Ты помнишь? – в красное небо
Взлетали чёрные взрывы.
Ты помнишь? – вскипали реки,
Металлом раскалены.
Каждое поколение
Имеет свои призывы:
Мы были призывниками
Отечественной войны…

   Строго говоря, Юлия в 1941 году не была в числе призывников. Ей в мае исполнилось 17 лет. Школьница. Девушек не призывали на фронт, если они не были, допустим, медработниками. Большинство советских женщин - участниц Великой Отечественной войны – на фронт уходили добровольцами.
   В сборнике «Я родом не из детства…» есть глава «В тылу». Здесь есть подробности о том, как Юлия, оказавшаяся с отцом в Тюменской области, добилась того, чтобы её отправили на фронт.
  Интересны её воспоминания в этой главе и тем, что она рассказывает о знакомстве с будущим космонавтом Владимиром Комаровым.

   (Комаров Владимир Михайлович (1927-1967), лётчик-космонавт СССР, полковник, Герой Советского Союза (1964, 1967 посмертно). Из отряда первых советских космонавтов. Летал на космических кораблях «Восход» (октябрь 1964 г.) и «Союз-1» (апрель 1967 г.). Погиб при завершении полёта).

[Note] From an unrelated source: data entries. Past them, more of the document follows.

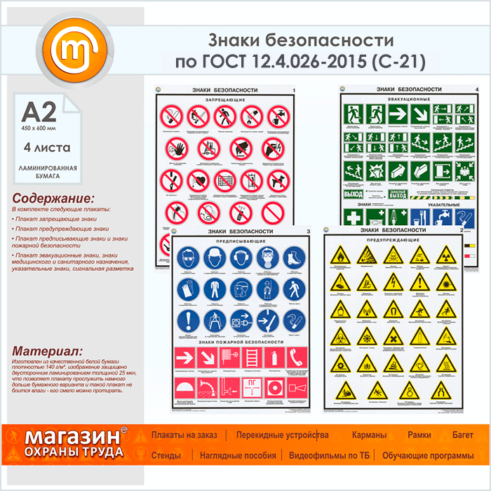 Плакаты «Знаки безопасности по ГОСТ 12.4.026-2015» (С-21, ламинированная бумага, А2, 4 листа) в Ачинске купить
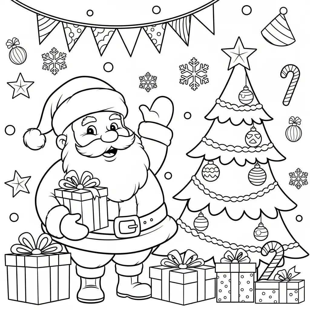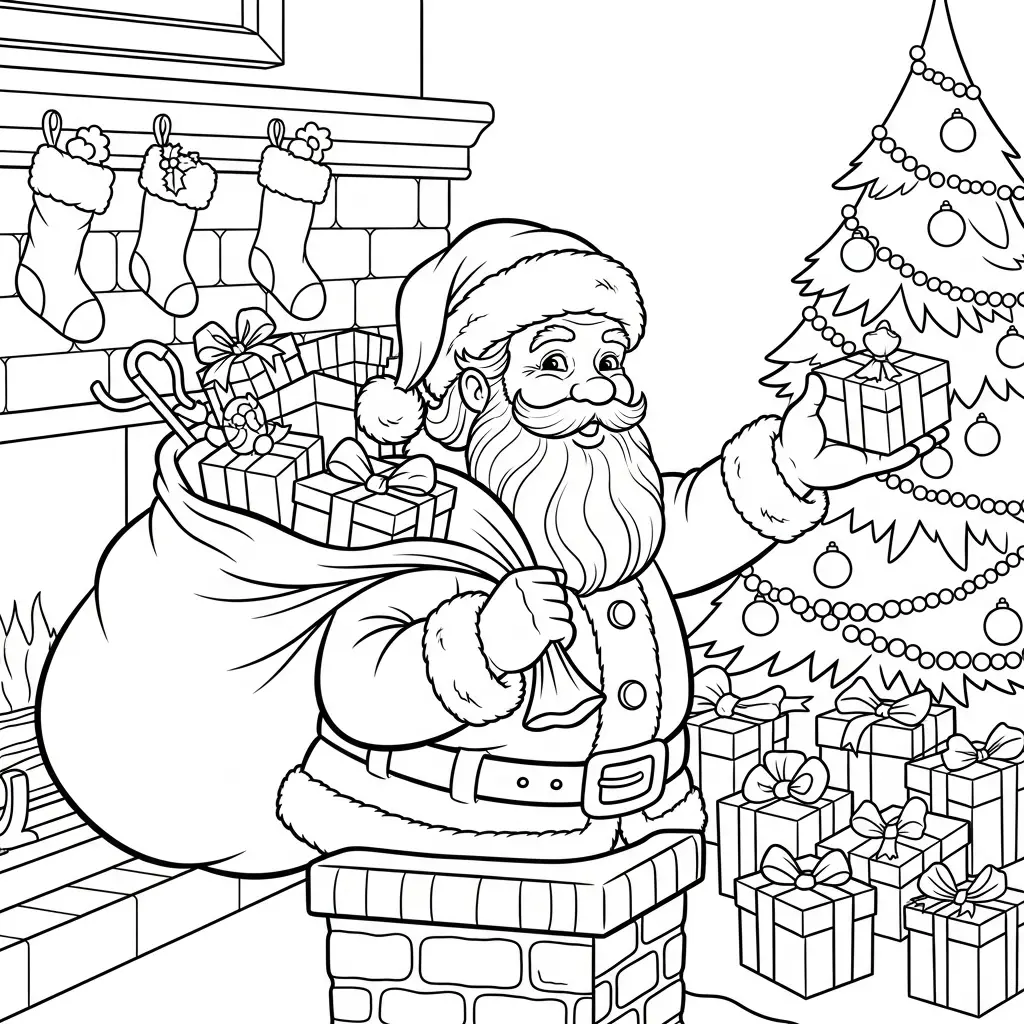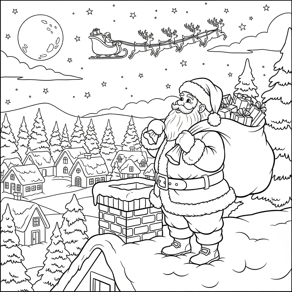 Desenho do Papai Noel em uma cena de Natal tradicional para colorir
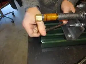 - (v.) Begin coiling tightly all of the nichrome wire around the heating tube: start the coil as close to the threads as possible while preventing any wire from slipping into the threads.

   Из главы «В тылу» (она была написана Юлией Владимировной в 1972 году после творческой поездки в Тюмень и другие районы Сибири):
   «Так случилось, что 1-ю московскую спецшколу ВВС, где преподавал мой отец, в начале войны эвакуировали именно под Тюмень, в таёжный посёлок Заводоуковск.

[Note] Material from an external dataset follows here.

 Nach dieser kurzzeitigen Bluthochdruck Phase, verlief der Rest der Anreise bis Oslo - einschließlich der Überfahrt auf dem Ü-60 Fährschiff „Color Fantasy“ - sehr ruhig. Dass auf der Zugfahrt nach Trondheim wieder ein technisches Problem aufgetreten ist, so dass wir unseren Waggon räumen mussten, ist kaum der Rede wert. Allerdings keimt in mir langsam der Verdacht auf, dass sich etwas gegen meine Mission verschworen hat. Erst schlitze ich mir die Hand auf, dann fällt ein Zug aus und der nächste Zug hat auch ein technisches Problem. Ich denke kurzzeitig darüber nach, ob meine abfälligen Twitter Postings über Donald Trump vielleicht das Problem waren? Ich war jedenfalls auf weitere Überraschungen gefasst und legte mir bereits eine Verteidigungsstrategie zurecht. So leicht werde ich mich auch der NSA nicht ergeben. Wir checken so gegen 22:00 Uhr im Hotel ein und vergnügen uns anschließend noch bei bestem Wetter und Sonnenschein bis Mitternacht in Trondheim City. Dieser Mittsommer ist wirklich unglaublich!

Пришёл эшелон из тревожной столицы –
Пилотки, ботиночки, детские лица.
Парнишка с Таганки, парнишка с Петровки,
Что знал ты об этой Заводоуковке?
Дивятся пимы да тяжёлые шубы
На бледные щёки, на синие губы.
Шинелишки – колом, но надо держаться!
А младшим – четырнадцать, старшим – шестнадцать…

   Эти стихи были написаны мною тогда, в ноябре сорок первого.
   Сейчас мне как-то странно думать, что среди «спецов» был и Володя Комаров – будущий космонавт.
   Вот в пилоточке с отогнутыми на покрасневшие уши краями бежит он по сибирскому морозцу и ничего ещё не знает о своей необычной, о своей звёздной – в прямом и переносном смысле этого слова – судьбе.
   Космос! До него ли было тогда землянам? Московские мальчишки бредили в Сибири фронтом. И девчонки тоже…

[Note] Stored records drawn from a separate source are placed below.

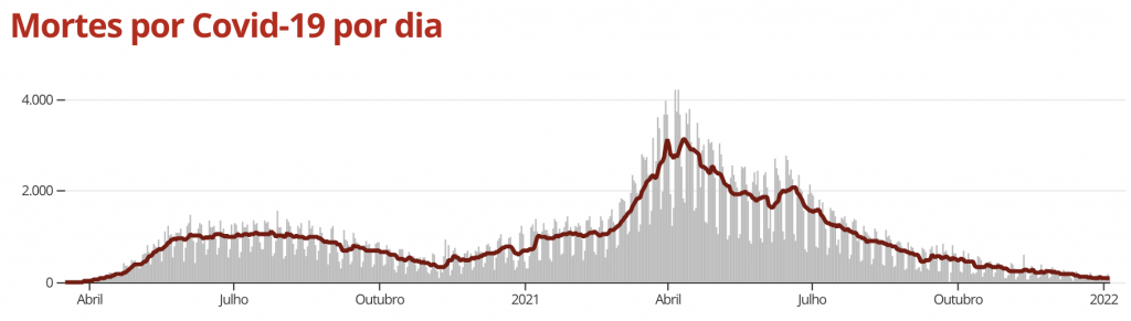 Em comparação à média de 14 dias atrás, a variação foi de -2%, indicando tendência de estabilidade nos óbitos decorrentes da doença.
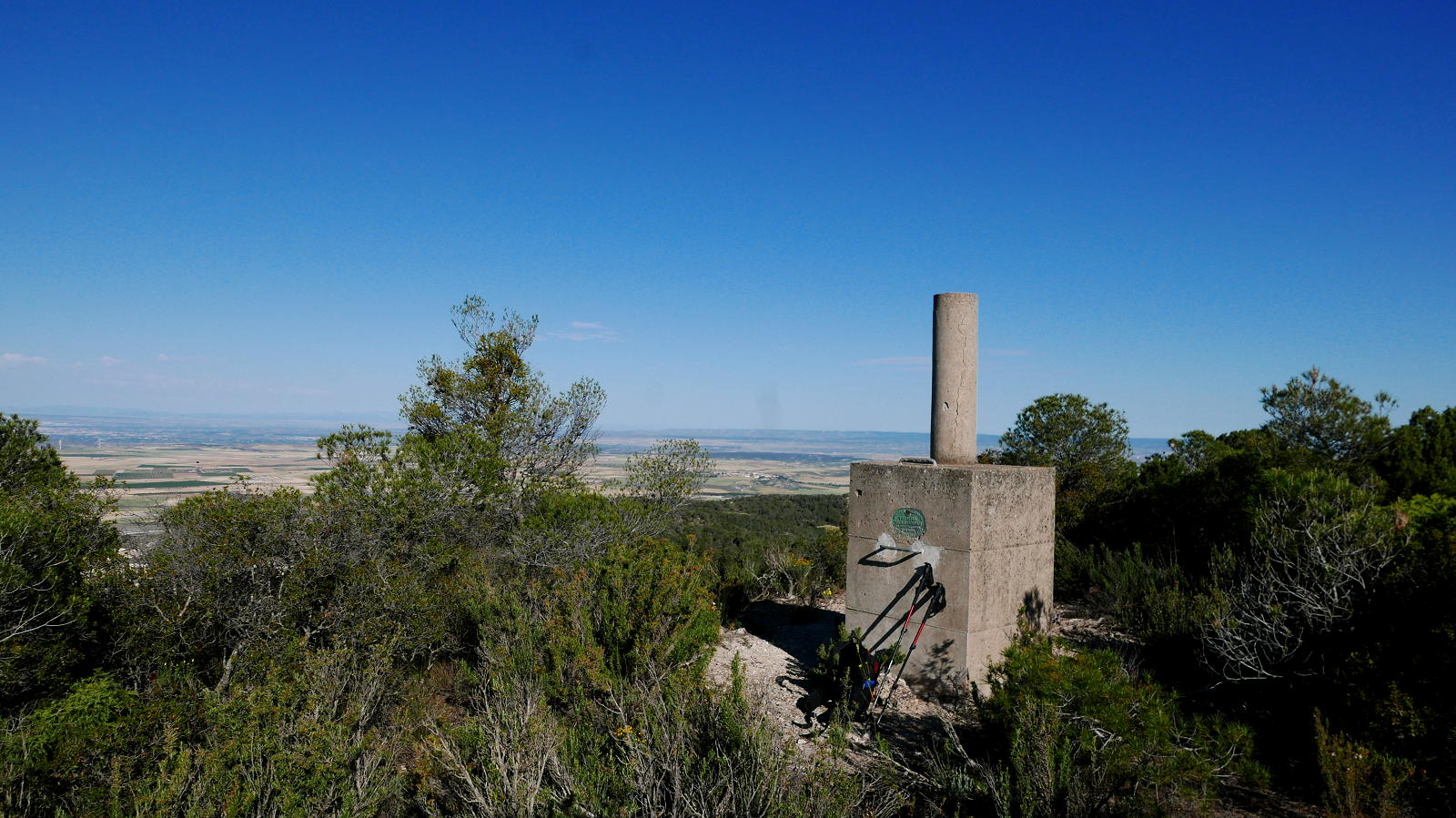 Vuelvo al collado y continúo hacia el oeste. Hay una bifurcación, tomo a la izquierda (740m 1h36′) una senda difusa con hitos. Se interna entre vegetación arbustiva y pinos y supera algunos escalones rocosos. Es algo confuso pero no difícil hasta llegar al vértice geodésico (Monte Oscuro cima occidental (811m 1h49′).
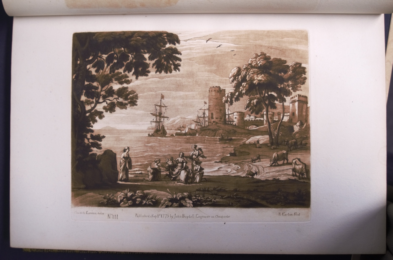 Abbey, Life II, 200. Lewine 325. Cohen-de Ricci 242. Wessely, Earlom Nr 149ff. Thieme-Becker X, 283 und XIII, 369. – Das Porträt Lorrains in Band 1 mit 1777 datiert. "Capital work, a landmark in the history of reproduction of master drawings, is included in this catalogue as an important forerunner of later publications ... it contains pastoral, mythological, and biblical subjects. They are all printed in warm bustre colour to aid the resemblance" (Abbey). "Neu ist bei ihm die ungewöhnliche Feinheit des Mezzotintogrundes und die Anwendung einer aus Kupferätzung und Schabkunst kombinierten Mischtechnik" (Thieme-B. X, 283 zu Earlom). – Leicht gebräuntes, nur hin und wieder in den Rändern etwas braunfleckiges Exemplar in repräsentativem, dekorativem Einband.
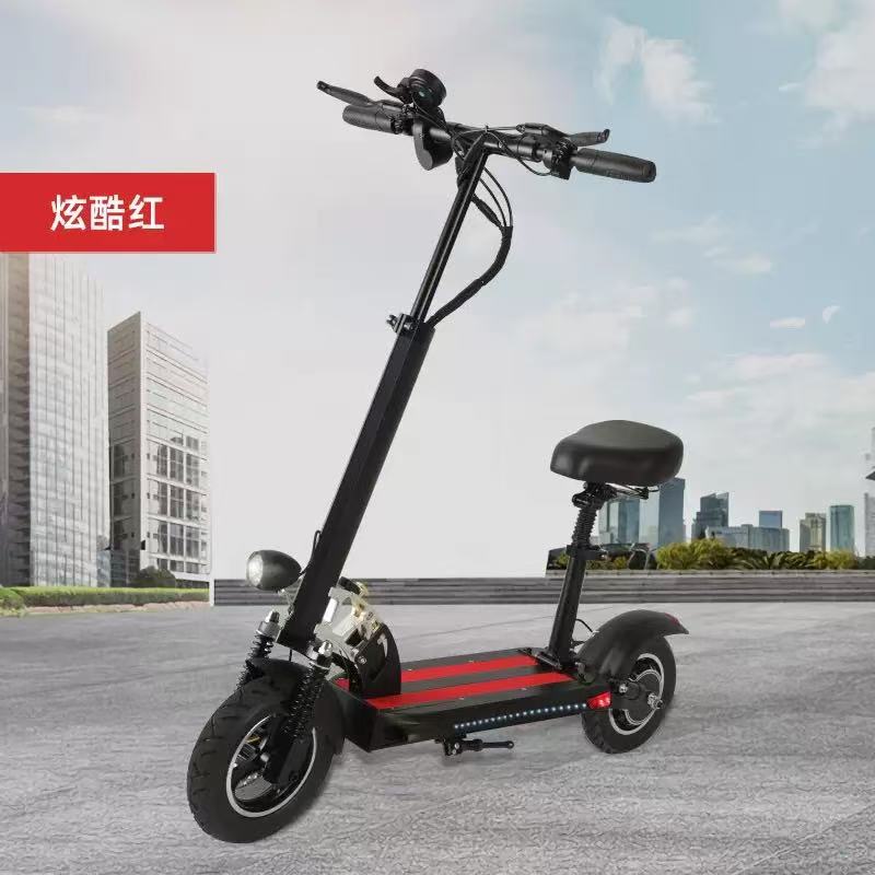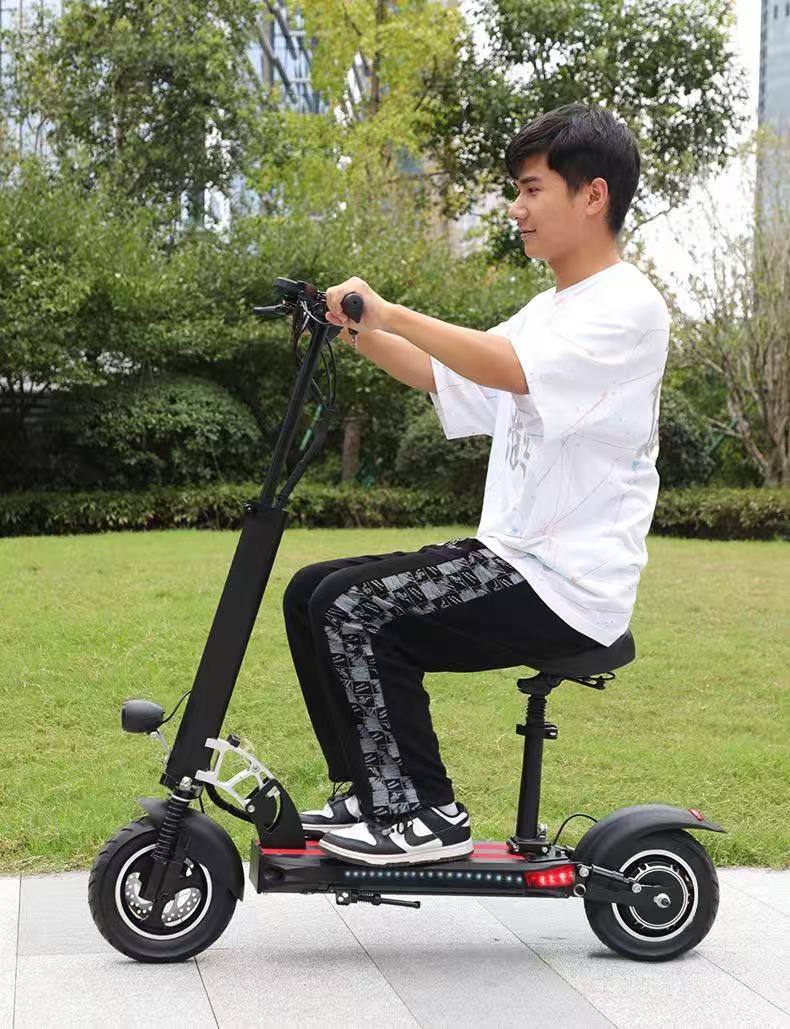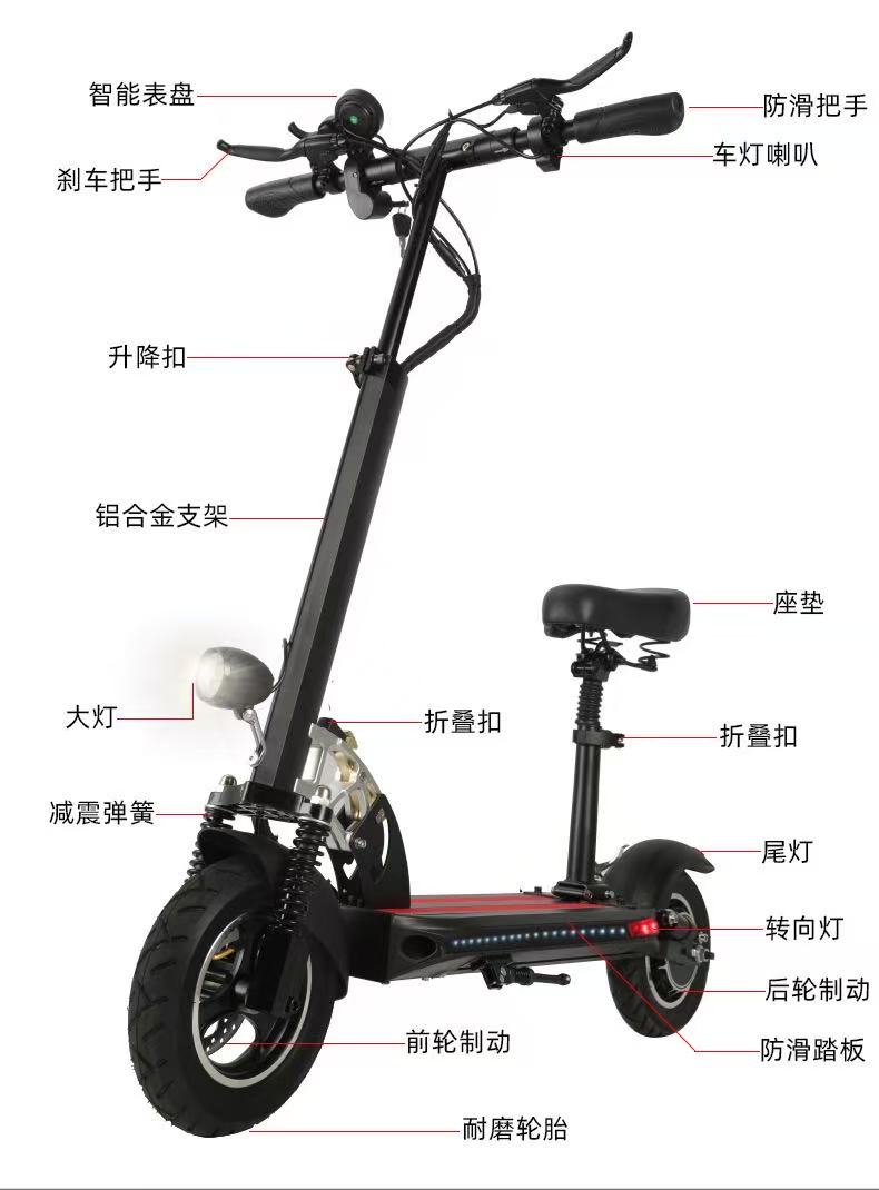 Large, wear-resistant tires paired with shock-absorbing springs effectively cushion bumps, ensuring a smooth ride on asphalt, stone pavements, and more.

   К этому времени я уже успела немного «нюхнуть пороху», видела кровь и перевязывала раны. Правда, не в армии, а в добровольной санитарной дружине. Никто не спрашивал там, на ближних подступах к Москве, сколько мне лет. А здесь снова вступили в свои права формальности. Из военкомата мне написали что-то вроде «подрасти, мол, дочка».
   Я поступила на краткосрочные курсы медсестёр. Потянулась трудная, тоскливая, голодная жизнь в эвакуации. Однако юность и здесь ухитрялась иногда урвать для себя немного радости.

Патефон сменяла на пимы,
Ноги в них болтаются, как спички.
Обжигает стужа той зимы –
Той, невыносимой для москвички.
Я бегу вприпрыжку через лес,
Я почти что счастлива сегодня –
Мальчик из спецшколы ВВС
Пригласил на вечер новогодний!
Навести бы надо марафет,
Только это трудновато ныне:
Никаких нарядов, ясно, нет,
Никакой косметики в помине.
Нету краски для ресниц? – Пустяк!
Можно развести водою сажу.
Пудры нету? – Обойдусь и так!
Порошком зубным свой нос намажу…

    В ту неправдоподобно далёкую последнюю ночь сорок первого года всё ещё было у меня впереди, в том числе и незабываемый поход в Ялуторовский военкомат. О нём напомнил мне сейчас знакомый железнодорожный мост через Тобол…
    В войну в Заводоуковске не останавливались никакие составы. Поэтому я решила идти в военкомат пешком, по шпалам – двадцать с лишним километров.
   Шла я в самом радужном настроении: меня осенила гениальная идея «потерять» только что полученный паспорт и прибавить себе годик или, ещё лучше, два.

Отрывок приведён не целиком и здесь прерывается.